Phone Loops have been in the hands-free carry conversation for years. Now the rest of the gear world is catching up. Travel writers, EDC curators, and lifestyle publications are starting to call it what Phone Loops customers already know it to be: a carry essential, not a novelty.

FAQ

Are phone straps worth it for travel?

Absolutely, especially if you are navigating busy cities, active environments, or crowded transit. A phone strap keeps your phone secured to your wrist or body so you can move without actively managing your grip every second. It also reduces pickpocket risk and eliminates the moment of panic when your phone slips. For the price, it is one of the highest-value travel carry upgrades available.

What is the best Phone Loops style for travel?

It depends on how you travel. The Phone Leash is best for active days, outdoor trips, and high-movement situations where a wrist attachment gives you real security. The Phone Strap works better for urban travel where you want quick one-handed phone access with a flat, pocketable profile. If you are covering both, both styles use the same anchor so you can swap them on the same phone.

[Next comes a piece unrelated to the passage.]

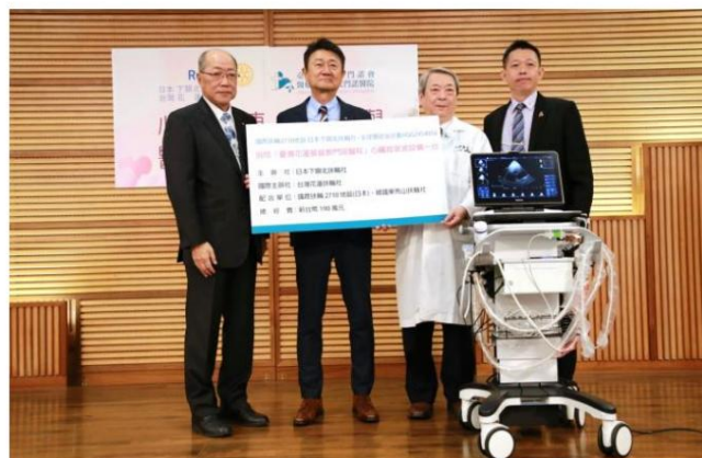
メノナイト病院に心臓超音波検査装置を寄贈(190万台台湾ドル)
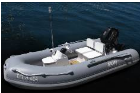
ST 290 CLASSIC "Neptune Grey" con luci / with lights

Sicher der leichteste mit die besten Leistungen in der Klasse, diese Familie von Schlauchbooten ist mit unserer Technologie "double shell" realisiert (Struktur mit 2 Fiberglasschalen ohne weitere montierten Teile). Der Rumpf ist für die Navigation besonders entworfen und zusammen mit die "auto trim" Klappen " garantieren top-Performance. "Extra" serienmäßig: "double shell" Fiberglas Struktur - Schlauchen als ORCA Neopren - "auto trim" elastische Klappen - Hebenhaken - Bogenhaken - Konsolle mit Schließfächer und Speichertasche - Schließfächer mit Gehäuse für Tank 12 lt - Gehäuse für Starterbatterie - Luftpumpe - Rudern.

Do Phone Loops work without a case?

Yes. The self-adhesive anchor attaches directly to the back of your phone or your existing case. No proprietary case required. It works on iPhone and Android, with or without a case, which makes it a solid choice for travel where you might be switching setups or sharing phones across family members.

Are phone straps allowed through airport security?

You're all good there. You can leave it attached to your phone through airport security. It does not contain metal hardware that would flag the scanner, and the anchor system is just standard adhesive, not a structural modification to the device.

How much do Phone Loops cost compared to other travel EDC gear?

Phone Loops start well under $50, putting them comfortably inside the premium travel EDC under-$100 category that gear guides like Hiconsumption use as a benchmark. For a product that protects your most expensive travel tool and improves how you carry it every single day of the trip, the price-to-value ratio is hard to beat.